Prompt - In your reply, print every line of the listing exactly and omit all images.

Supplied data -
Content starts

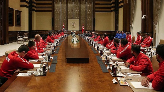 Cumhurbaşkanlığı Külliyesi'nde basına kapalı gerçekleştirilen kabul, yaklaşık 2 saat sürdü. Erdoğan, kabulde milli sporcularla tek tek tokalaştı, ayaküstü sohbet etti.
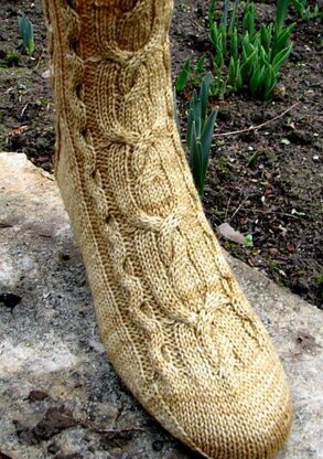 Skill Level Intermediate: includes knowledge of basic, top-down sock construction, cabling, textured stitches, and chart reading.
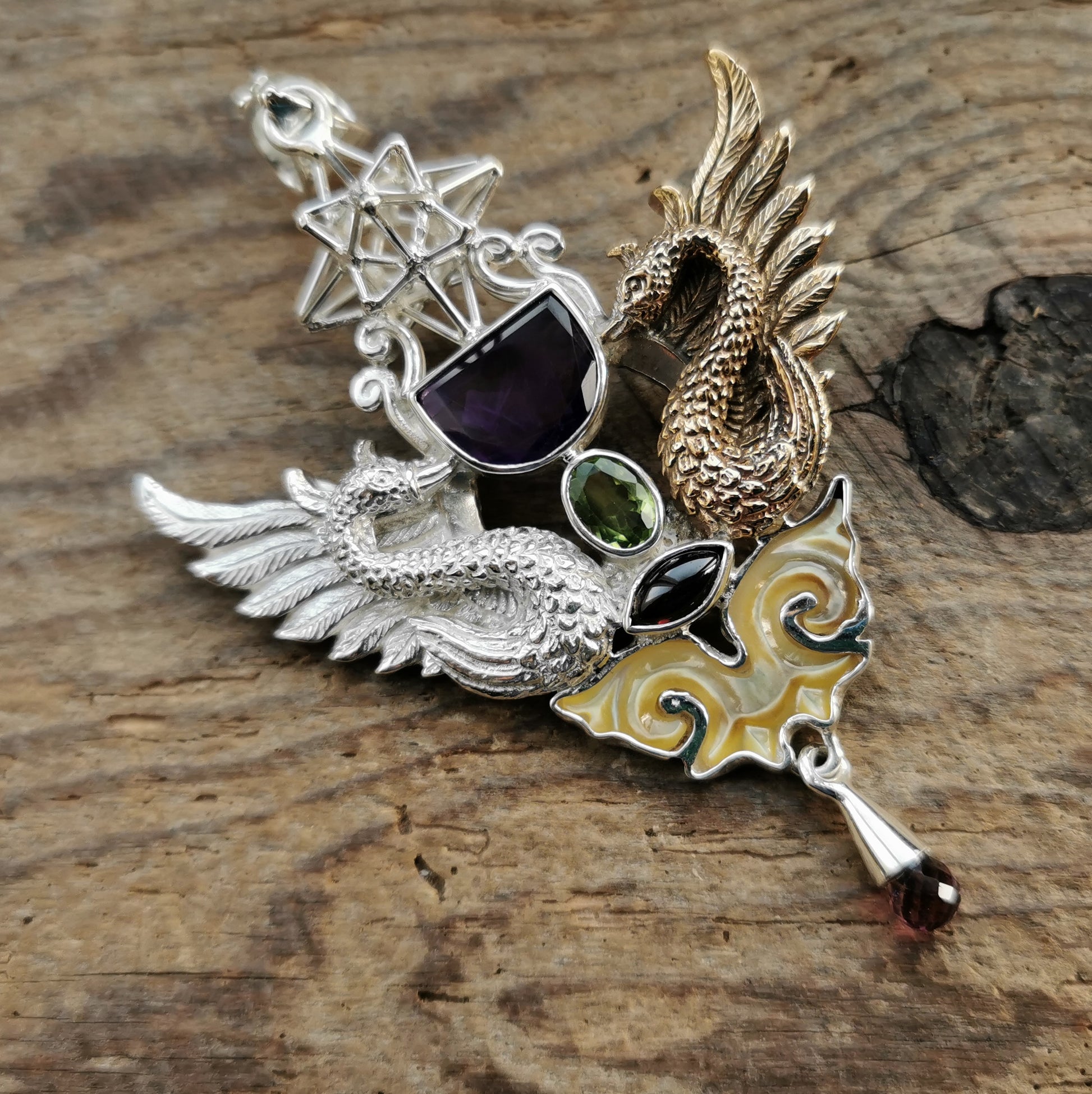 Ref.PD0759 - Silver pendant with Heart Star geometry, silver swan + brass swan, mother of pearl carved Tibetan cloud, and a chalice decorated with garnet, peridot, and amethyst gems.

Content ends

Solution for this task -
 Cumhurbaşkanlığı Külliyesi'nde basına kapalı gerçekleştirilen kabul, yaklaşık 2 saat sürdü. Erdoğan, kabulde milli sporcularla tek tek tokalaştı, ayaküstü sohbet etti.
 Skill Level Intermediate: includes knowledge of basic, top-down sock construction, cabling, textured stitches, and chart reading.
 Ref.PD0759 - Silver pendant with Heart Star geometry, silver swan + brass swan, mother of pearl carved Tibetan cloud, and a chalice decorated with garnet, peridot, and amethyst gems.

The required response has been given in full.